Мак-Грегор позвонил, подождал, и ему открыл старик в кожаном фартуке. Не говоря ни слова, он провел Мак-Грегора в превосходно сохранившийся салон в стиле Луи-Наполеона, пахнущий полиролем. Затем старик скрылся на минуту, а вернувшись, пригласил в широкий лифт, и они поднялись на верхний этаж, точно в другой мир. У коридоров с серомасляными стенами, толстыми коврами, крашеными дверями, у всех поверхностей был стерильный мозелевский вид. Мак-Грегор услышал стук пишущих машинок, но они звучали почти по-домашнему, а столовая, в которой ждал его Мозель, напоминала красивую голландскую кухню – неярко белая, с кафельным черно-белым полом и приятным глазу голландским очагом.

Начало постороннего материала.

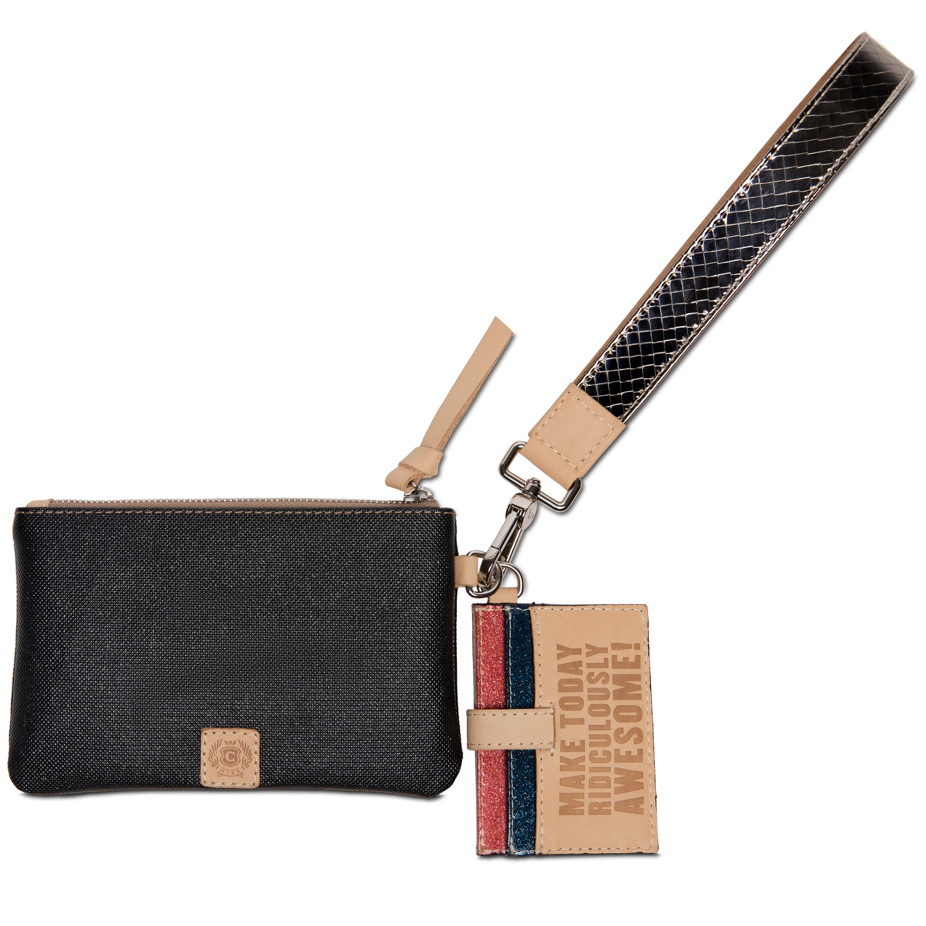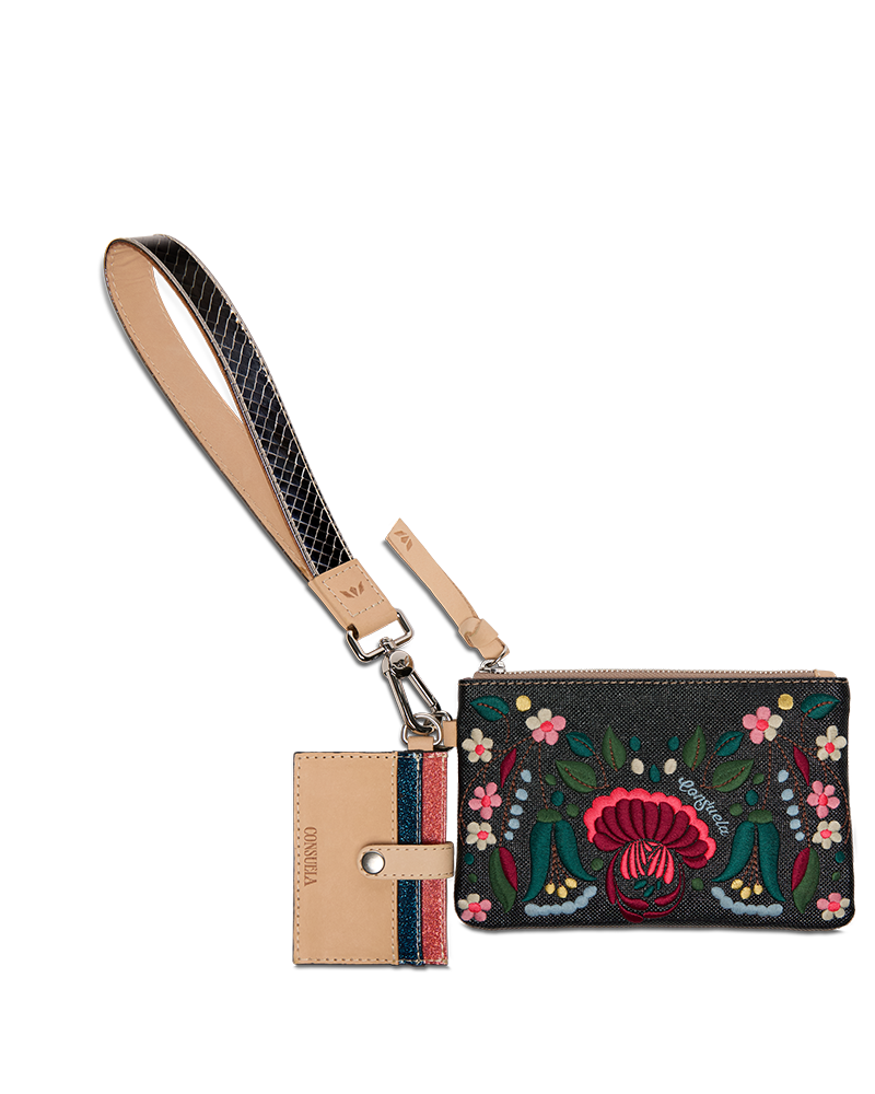 The Combi, a combination of on-the-go accessories, is a new way to carry your keys, cards, and the small stuff together or separately. This embroidered wristlet wallet includes a pocket pouch, secure card slot wallet and fits comfortably around your wrist - and this collection is the first time we have featured embroidery on a Combi!

– Я перед обедом обхожусь без аперитивов, – сказал Мозель. – Но вы, если желаете рюмочку…
Мак-Грегор отрицательно качнул головой.
– Итак, прошу к столу, а затем посетим «Сеньорию», я там сведу вас с человеком, могущим помочь. Разумеется, я исхожу при этом из предположения, что от меня требуется лишь одно: дать вам направление, в котором нужно действовать.
– Совершенно верно.
Они сели за стол с клетчатой скатертью и туго накрахмаленными белыми салфетками, и женщина в белом халате подала белый луковый суп.
– Меню у нас здесь для всех единое, – сказал Мозель, – но если что-нибудь вам не по вкусу, то не насилуйте себя – придумаем, чем заменить.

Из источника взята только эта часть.